◆ **Data extract**

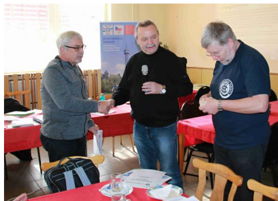
Fotografie z krajské konference
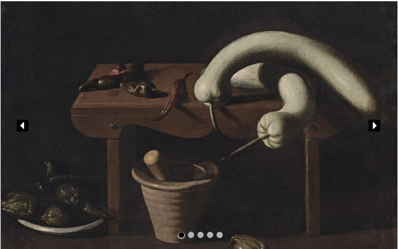
Ein Stilleben von Francisco de Zurbarán von 1600.

Dies belegen auch die 18 neuen Aussteller: So zeigt etwa die Nicolás Cortés Gallery europäische Gemälde und Skulpturen aus dem 15. bis Anfang 20. Jahrhunderts, darunter Werke von Goya, Ribera und Murillo. Bronzeobjekte, Skulpturen, Möbel, Gemälde und Art-Déco-Objekte aus dem 17. bis 19. Jahrhundert findet man derweil bei Ralph Gierhards Antiques / Fine Art.

◆ **Task goal**
Retype the whole listing exactly and leave the pictures out.

◆ **Written solution**
Fotografie z krajské konference
Ein Stilleben von Francisco de Zurbarán von 1600.

Dies belegen auch die 18 neuen Aussteller: So zeigt etwa die Nicolás Cortés Gallery europäische Gemälde und Skulpturen aus dem 15. bis Anfang 20. Jahrhunderts, darunter Werke von Goya, Ribera und Murillo. Bronzeobjekte, Skulpturen, Möbel, Gemälde und Art-Déco-Objekte aus dem 17. bis 19. Jahrhundert findet man derweil bei Ralph Gierhards Antiques / Fine Art.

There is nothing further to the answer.